По следам мистера Волка (СИ). Страница 24
И Герберт, вопреки сказанному, разворачивает его спиной к себе, прижимает к груди и ладонью закрывает Курту рот.
— Тише, — шепчет он, — тише, всё хорошо… Успокойся.
Не бить же его и правда, наверняка Курт и сам не рад своей особенности.
— Дай знать, когда я могу тебя отпустить. Успокойся…
Курт дёргается долго, словно вобла, выброшенная на берег.
Элис в это время не отстаёт от Бернарда Хизара, но виду не подаёт, что беспокоится.
Бернард какое-то время разбирается с Кроули. То, что это их постоялец и учёный человек, его успокаивает не сразу.
— Он точно не представляет для вас угрозы? — сверлит страж Элис внимательным взглядом. — Раз так, я оставляю вас… — в нерешительности отступает он к выходу.
— Постойте, — говорит так ,будто не желает всем сердцем, чтобы он поскорее ушёл. — Так тому стражу что-то будет? Он ведь был… неправ. Я так считаю.
— Выговор ему обеспечен, — кивает Бернард. — И штраф. Не хватало нам ещё, чтобы в столь неспокойное время люди недолюбливали стражей!
— Спасибо, — улыбается Элис. — Вы… лучше чем… они.

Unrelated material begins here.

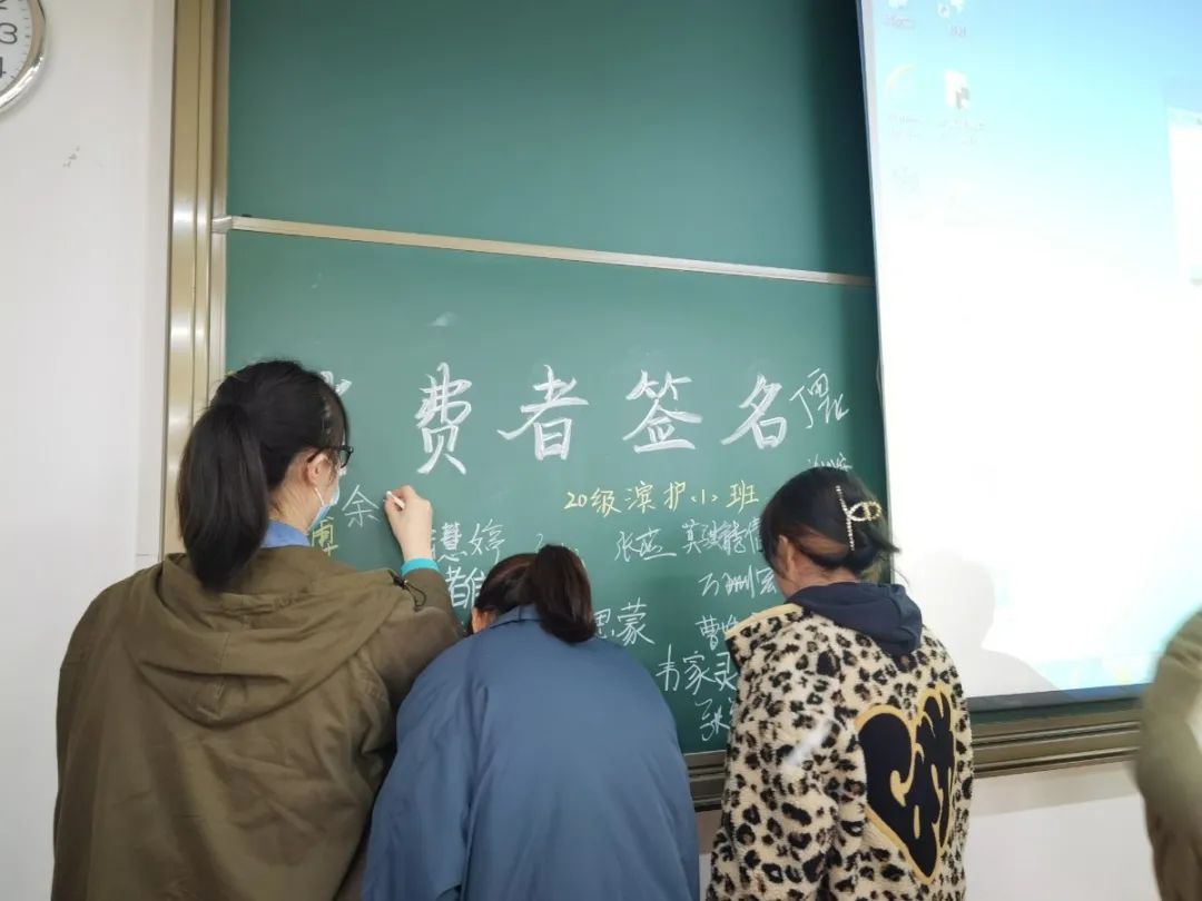 每一位同学离开座位,站起身,跟着班级负责人进行权益宣誓:“人生青春无价,消费维权有约。”并在黑板上郑重地签下了自己的名字。了解权益知识,维护自身权益是我们终身需要学习的事情。
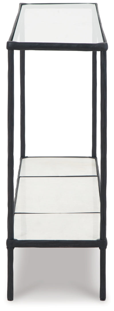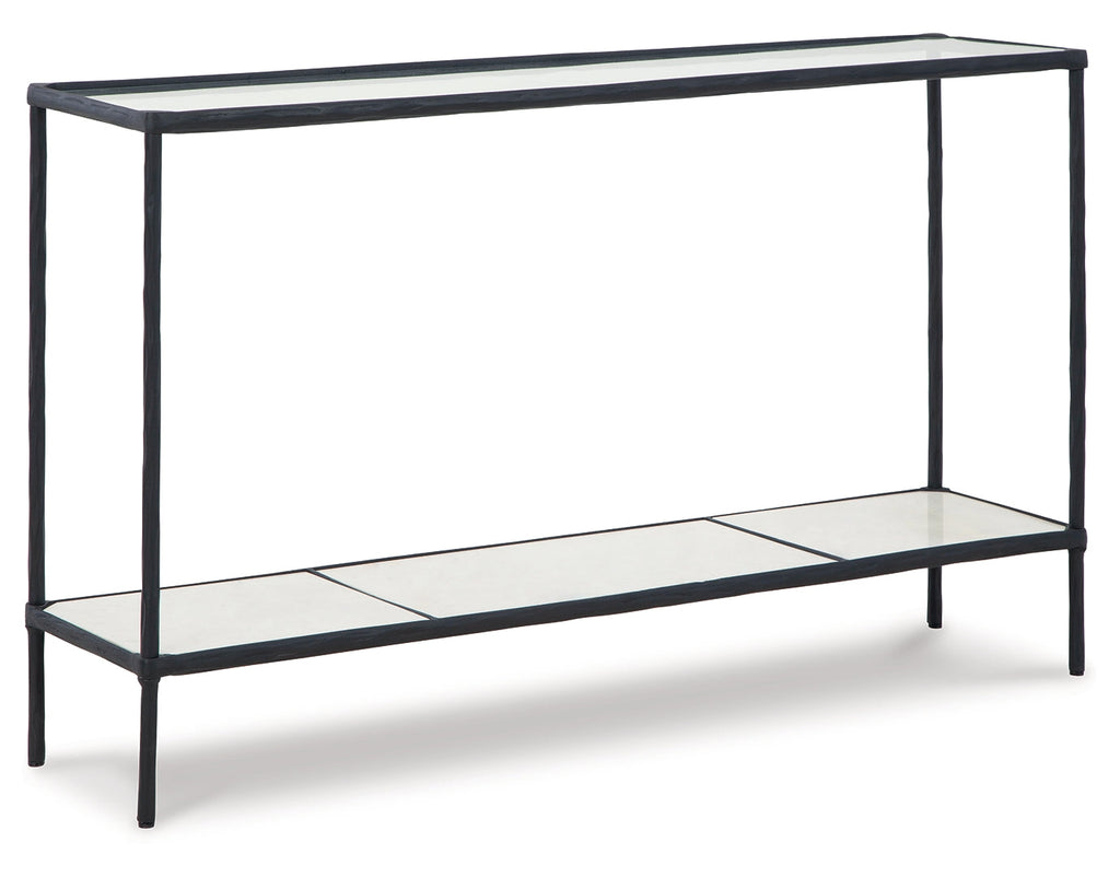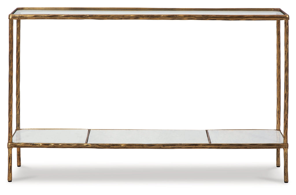 Classic in design with a dash of textural appeal, this console table provides both flair and function. Ideal to rest behind a couch or in an entryway, its glass tabletop and white marble lower shelf offer the perfect perch for decorative pieces. The frame's antiqued brass-tone finish has a rustically luxe look that remains versatile, suiting spaces from casual to contemporary.

Бернарду одновременно льстит и не нравится, как это звучит. Он прощается с ней вежливым кивком и покидает замок.
Точнее, напоследок решает обойти его по кругу (окно ведь, возможно, и правда кто-то выбил, а не вылетело оно от старости и сильного ветра!)
А Герберт всё ещё держит Курта, успев слегка устать от этого нелёгкого занятия.
— Тише же ты… — думал прошипеть он с раздражением, но вышло вдруг даже… ласково. — Бедняга…
Курт, наконец, чувствует прилив спокойствия и всем телом расслабляется.
— Зачем этот чокнутый-то… в замке?!
— Зачем, что? — медленно, будто на пробу, ослабляет Герберт хватку, выпуская Курта.
— Нах… находится, — поднимает он на графа и «хозяина» острые, серые глаза.
— Идея Элис… — пожимает Герберт плечами. — Он неплохо платит за это. А ты, если бы потише был, не привлекал бы его внимание.
Герберт пододвигает к своему креслу хромоногий, но всё ещё более менее устойчивый стул и жестом приглашает Курта присесть.
— Мне что, вечность сидеть на чердаке?! — Курт скалится.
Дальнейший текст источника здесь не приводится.